Here is T.S. Eliot reading “The Love Song for J. Alfred Prufrock”:
In undergrad, I read Samuel Beckett’s play Krapp’s Last Tape and loved it. Then, near the end of that same semester, I had a chance to see the play performed by a man Beckett had personally chosen to play Krapp. It was like seeing the piece performed in Beckett’s own mind — I was thrilled.
Until I saw the play.
It turned out Beckett had an avant-garde play in his mind, and I had a minimalist play in mine. Every motion of the man playing Krapp — from his peeling a banana to his walking across the stage — felt stilted and ridiculous and unnecessary to me. It was such a profoundly disappointing production that it effectively ruined even the reading of Krapp’s Last Tape for me.
Hearing an author read their own work can be much the same way. In the most recent MFA residency period at Tampa, poet Ben Lerner mentioned how poet Robert Creeley preferred his line breaks to be read with a pause and how Creeley bristled when William Carlos Williams read through the line breaks and headed only punctuation.

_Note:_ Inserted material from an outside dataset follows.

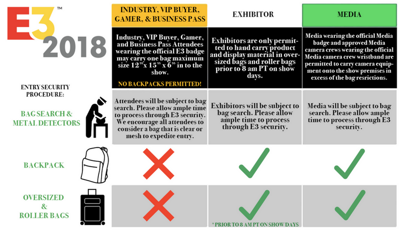 今年的E3展在安保方面显得格外严格。展出举办方在刚公布的2018年安保方针中要求,除了展区工作人员及媒体记者外,只有佩戴E3官方徽章的业内人士、VIP门票观众、游戏主播、商业人士能够携带背包入场。而这些观众的背包尺寸也不能超过12英寸x15英寸x6英寸(约合30厘米x38厘米x15厘米)的限制。

In the above video, T.S. Eliot reads “The Love Song” like he’s asking a hundred consecutive questions. I read love song like Johnny Cash would — that’s how I read all poetry, with the steady rhythm and low grumble of a steam train.
There is, in the hands of the readers, a certain privilege to read a poem or story the way we prefer. We may take the meanings how we like; we may hear the speaker’s voice how we want.
And to those ends, maybe it is best to leave Becket, Elliot, and Creeley to their writerly roles, and leave the reading to the readers.